Excerpts from a dataset:
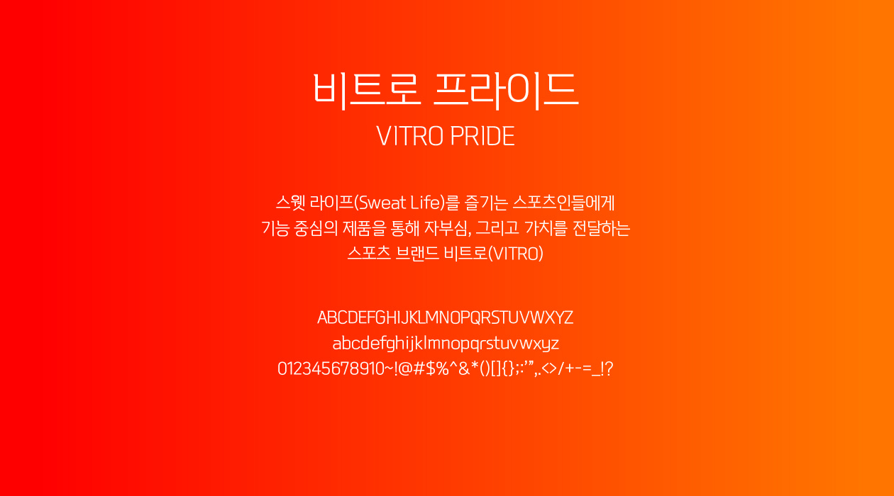힘 있고 강한 서체를 구현한 ‘비트로 코어’는 주목성이 필요한 타이틀에, 안정적인 ‘비트로 프라이드’는 가독성이 필요한 본문에 어울립니다. 타이틀과 본문용으로 사용할 수 있습니다. 두 개 서체 모두 가로·세로 획 굵기가 일정한 비율로 안정적인 느낌을 주고, 고딕체이지만 모음에 부리가 있어 유니크한 스타일을 느낄 수 있으며, 속도감과 역동성을 서체에서 느껴지는 매력있는 서체입니다.
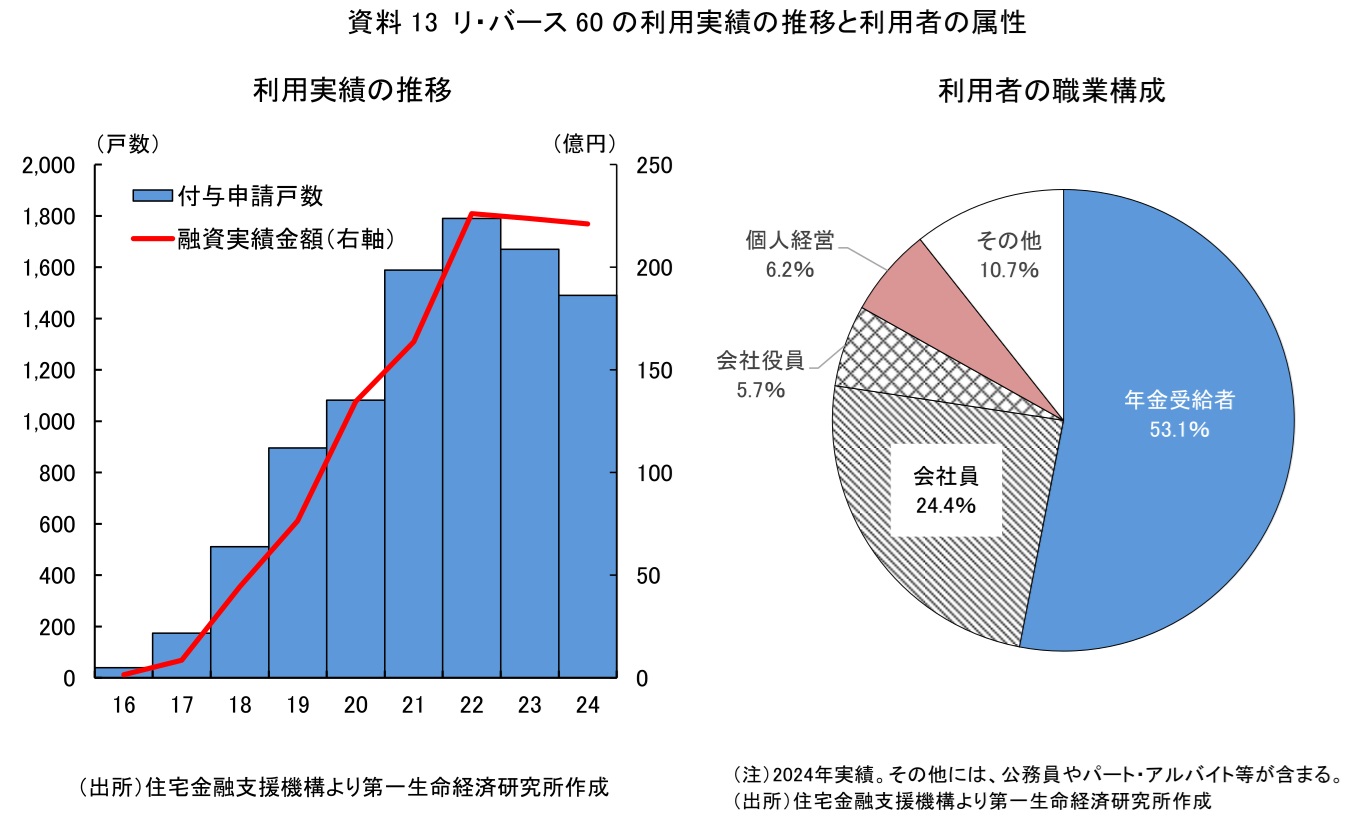 それでは、現在の日本では、どの程度リバースモーゲージが普及しているのだろうか。住宅金融支援機構の「リ・バース60」は四半期ごとに利用実績が公表されており、その推移や利用者の属性がある程度わかる(資料13)。利用実績の推移を確認すると、制度開始以降、申請戸数は増加してきたものの、22年の付保申請戸数1,790戸、融資実績額226億円をピークに、足もとでは幾分減少傾向にある。「リ・バース60」の資金用途が住宅関連に限定されていることを鑑みると、高齢者世帯の新築住宅のニーズ減少や、リフォーム需要の一巡、数十年ぶりのインフレ率の上昇で住宅関連全体への支出そのものが縮小した影響も考えられる。累計でみると、直近24年時点の利用実績は9,241戸となっている。リバースモーゲージの利用対象になると考えられる、住宅を所有している65歳以上の単身世帯、夫婦のみ世帯は、国立社会保障・人口問題研究所によれば、25年時点で約1,141万世帯であるため、「リ・バース60」の利用世帯は利用対象世帯のうち約0.08%程度ということになる。民間の金融機関等が提供している商品を含めて考えても、まだまだ普及が進んでいないといえるだろう。利用者の属性は制度開始以降、大きくは変化しておらず、平均年齢は69.5歳、平均年収は388.3万円、職業構成は年金受給者と会社員が約77%を占める。その他に、会社役員や個人経営者、公務員やパート・アルバイト等が利用している。
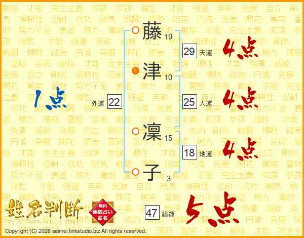 藤津凜子さんの総運は47画の5点!
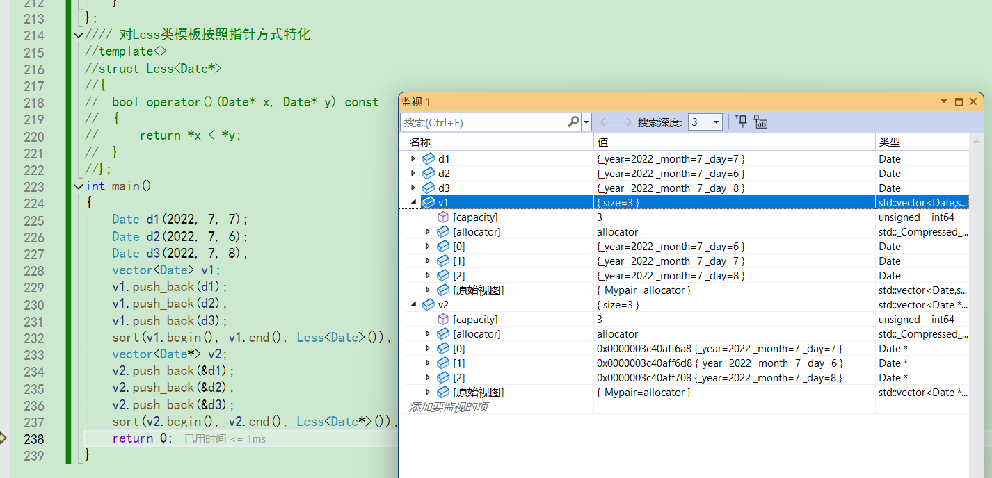 sort(v2.begin(), v2.end(), Less<Date*>());
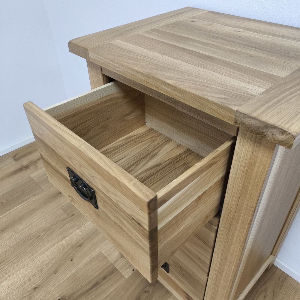 Drevená skrinka so zásuvkami je kvalitný kus nábytku, ktorý si nájde miesto v každej domácnosti. Masívne prevedenie zabezpečuje dlhodobú odolnosť a praktické zásuvky poskytujú dostatok priestoru na organizáciu. Úzka skrinka z dubu spĺňa nároky na funkčnosť, estetiku aj trvácnosť, preto je ideálnym riešením pre tých, ktorí hľadajú poctivý nábytok z masívu.
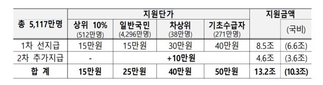 1차로 전 국민에게 1인당 15만원(차상위 30만원, 기초 40만원)을 우선 지급함으로써 단기간에 총 8.5조원 규모 소비 여력 보강하겠다고 설명했다. 농어촌 인구소멸지역(84개 시·군, 411만명)은 1인당 2만원을 추가 지원한다.
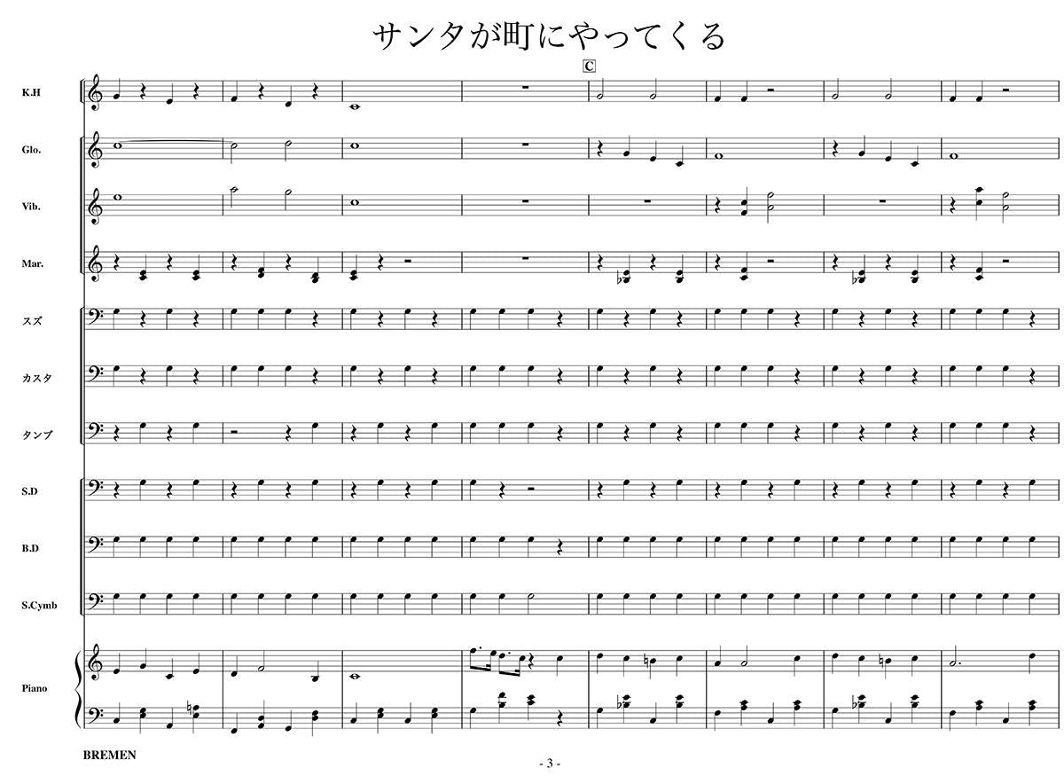 主な使用楽器:鍵盤ハーモニカ、グロッケン、ビブラフォン、マリンバ、スズ、カスタネット、タンバリン、スネアドラム(小太鼓)、バスドラム(大太鼓)、スタンドシンバル、ピアノ
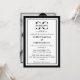 Den här tidsinställda och sofistikerade bröllopsinbjudan innehåller en klassisk svart-vit design med en dekorativ delare. Elegantens utformning utplånar modern charm samtidigt som man bibehåller en aning tradition, perfekt för par som uppskattar raffinerad estetik. Den här utformningen, som är tryckt på en högkvalitativ kartong, anger tonen för en snyggt och ett minnesvärt firande.
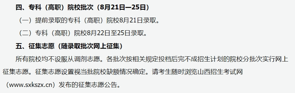 山西省2024年普通高校招生錄取時間安排

WHAT TO PRODUCE -> Only the records themselves, retyped exactly, belong in the answer; please leave all images behind.

YOUR SOLUTION ->
힘 있고 강한 서체를 구현한 ‘비트로 코어’는 주목성이 필요한 타이틀에, 안정적인 ‘비트로 프라이드’는 가독성이 필요한 본문에 어울립니다. 타이틀과 본문용으로 사용할 수 있습니다. 두 개 서체 모두 가로·세로 획 굵기가 일정한 비율로 안정적인 느낌을 주고, 고딕체이지만 모음에 부리가 있어 유니크한 스타일을 느낄 수 있으며, 속도감과 역동성을 서체에서 느껴지는 매력있는 서체입니다.
 それでは、現在の日本では、どの程度リバースモーゲージが普及しているのだろうか。住宅金融支援機構の「リ・バース60」は四半期ごとに利用実績が公表されており、その推移や利用者の属性がある程度わかる(資料13)。利用実績の推移を確認すると、制度開始以降、申請戸数は増加してきたものの、22年の付保申請戸数1,790戸、融資実績額226億円をピークに、足もとでは幾分減少傾向にある。「リ・バース60」の資金用途が住宅関連に限定されていることを鑑みると、高齢者世帯の新築住宅のニーズ減少や、リフォーム需要の一巡、数十年ぶりのインフレ率の上昇で住宅関連全体への支出そのものが縮小した影響も考えられる。累計でみると、直近24年時点の利用実績は9,241戸となっている。リバースモーゲージの利用対象になると考えられる、住宅を所有している65歳以上の単身世帯、夫婦のみ世帯は、国立社会保障・人口問題研究所によれば、25年時点で約1,141万世帯であるため、「リ・バース60」の利用世帯は利用対象世帯のうち約0.08%程度ということになる。民間の金融機関等が提供している商品を含めて考えても、まだまだ普及が進んでいないといえるだろう。利用者の属性は制度開始以降、大きくは変化しておらず、平均年齢は69.5歳、平均年収は388.3万円、職業構成は年金受給者と会社員が約77%を占める。その他に、会社役員や個人経営者、公務員やパート・アルバイト等が利用している。
 藤津凜子さんの総運は47画の5点!
 sort(v2.begin(), v2.end(), Less<Date*>());
 Drevená skrinka so zásuvkami je kvalitný kus nábytku, ktorý si nájde miesto v každej domácnosti. Masívne prevedenie zabezpečuje dlhodobú odolnosť a praktické zásuvky poskytujú dostatok priestoru na organizáciu. Úzka skrinka z dubu spĺňa nároky na funkčnosť, estetiku aj trvácnosť, preto je ideálnym riešením pre tých, ktorí hľadajú poctivý nábytok z masívu.
 1차로 전 국민에게 1인당 15만원(차상위 30만원, 기초 40만원)을 우선 지급함으로써 단기간에 총 8.5조원 규모 소비 여력 보강하겠다고 설명했다. 농어촌 인구소멸지역(84개 시·군, 411만명)은 1인당 2만원을 추가 지원한다.
 主な使用楽器:鍵盤ハーモニカ、グロッケン、ビブラフォン、マリンバ、スズ、カスタネット、タンバリン、スネアドラム(小太鼓)、バスドラム(大太鼓)、スタンドシンバル、ピアノ
 Den här tidsinställda och sofistikerade bröllopsinbjudan innehåller en klassisk svart-vit design med en dekorativ delare. Elegantens utformning utplånar modern charm samtidigt som man bibehåller en aning tradition, perfekt för par som uppskattar raffinerad estetik. Den här utformningen, som är tryckt på en högkvalitativ kartong, anger tonen för en snyggt och ett minnesvärt firande.
 山西省2024年普通高校招生錄取時間安排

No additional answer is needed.